People fuck up chili all the time because they over-think it. Chili is not a Bolognese Sauce with beans, nor is it meant to have an abundance of vegetables and legumes, despite what all those gun-loving, republican vegetarians would have you believe. When it comes to Chili, do what they do in Texas: find a steer, find a pot and find some heat. 

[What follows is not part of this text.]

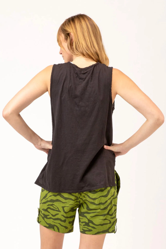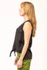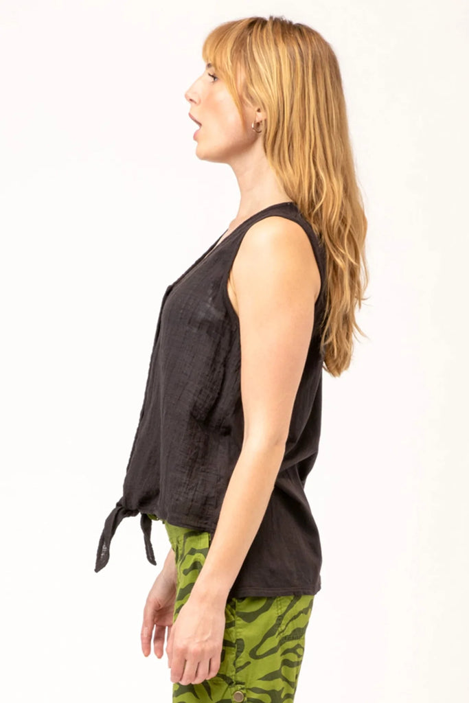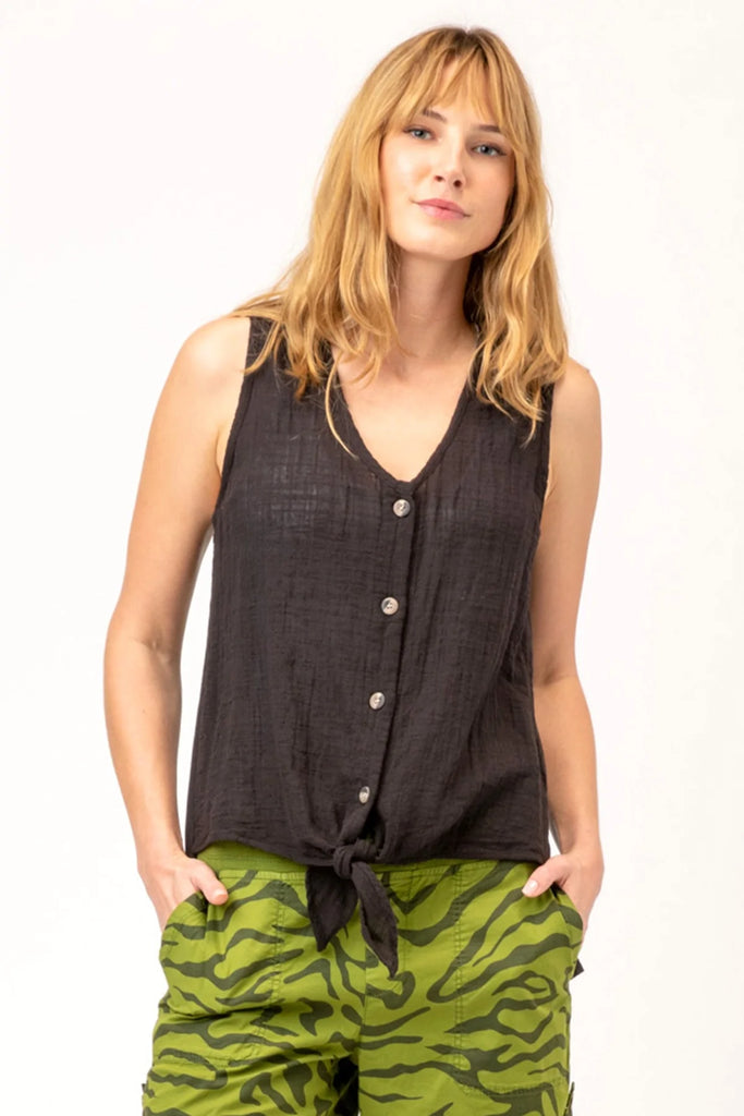 A cute sleeveless, bra-friendly top which features a button-down v-neckline with a front tie, a square high-low back hem.
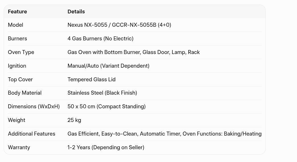 Elevate your cooking experience with the Nexus NX-5055 Gas Cooker (GCCR-NX-5055B 4+0) – a compact 50x50cm standing cooker featuring 4 high-efficiency gas burners and a versatile gas oven for baking, grilling, and roasting. Designed for Nigeria’s busy lifestyles and gas cylinder use, this black stainless steel cooker offers super-fast heating, low gas consumption, and easy maintenance. Perfect for families, apartments, bukas, or caterers – cook multiple dishes simultaneously while baking cakes, pies, or jollof in the spacious oven. Say goodbye to slow stovetops and hello to reliable performance that handles daily demands without fuss.

Fig.2. Ingredients at the ready.

Chili
Ingredients:
4 to 5 tablespoon sunflower or canola oil
1 kilo beef blade cut to small cubes. (palette in French. See Fig.2. above.)
1 onion, chopped
1 tablespoon cumin
½ tablespoon caraway seeds
2 cloves
1 can plum tomatoes, crush the tomatoes with your hand
1 tablespoon tomato paste
1 cup water
4 tablespoons soy sauce
4 anchovies, chopped
3 to 4 smoked chipotle peppers in adobo sauce, chopped (I buy La Costeña brand see Fig.2. above. Available in most grocery stores in the ‘Latin’ section.)
1/3 cup bittersweet chocolate, chopped
2 cans red kidney beans, drained and washed
salt and pepper, to taste
A few squirts of Frank’s Red Hot Sauce

Directions:
Add the oil to a large Dutch oven or heavy bottom pot set over medium heat. Once the oil is hot, add the cubed beef. Cook until meat begins to brown. (You must be patient. First the beef will emit a lot of water; the water will eventually evaporate at which point the meat will begin to brown. Stir the meat making sure it browns evenly but not too fast. Do not set your element on high.) When the water is gone and the meat is just beginning to brown, add the onion, cook for 5 minutes while stirring. At this point, make a little opening in the center of the pot and add the cumin, caraway seeds and cloves. Toast the spices for about 1 minute, see Fig.4. below. (Toasting the spices will release their flavours. If your spices are several years old, throw them out and buy new spices.)  Add the tomatoes, tomato paste and water and stir making sure you scrape the bottom of the pot to release all the flavours. (see picture below. If it looks dry, feel free to add more tomato or water, it’s not an exact science.)  Add the soy sauce, anchovy, chipotle peppers, and chocolate. At this point, partially cover the pot and lower the heat. Simmer for about 1 hour, stirring occasionally.  Add the beans and simmer for another 20 to 30 minutes. If it looks dry, add a bit of water. Season with salt, pepper and Frank’s Red Hot to your liking and serve. Chili is better the next day.


Fig.3.  Blade of beef, cubed.
Fig.4. Browning the meat and getting a good fond which  add flavour to your chili. Add liquid and scrap the bottom of the pot with a wooden spoon to deglaze the pot. Also, in this picture I created an opening in the centre of my Dutch Oven in order to cook my spices. Cooking your spices will release a better flavour.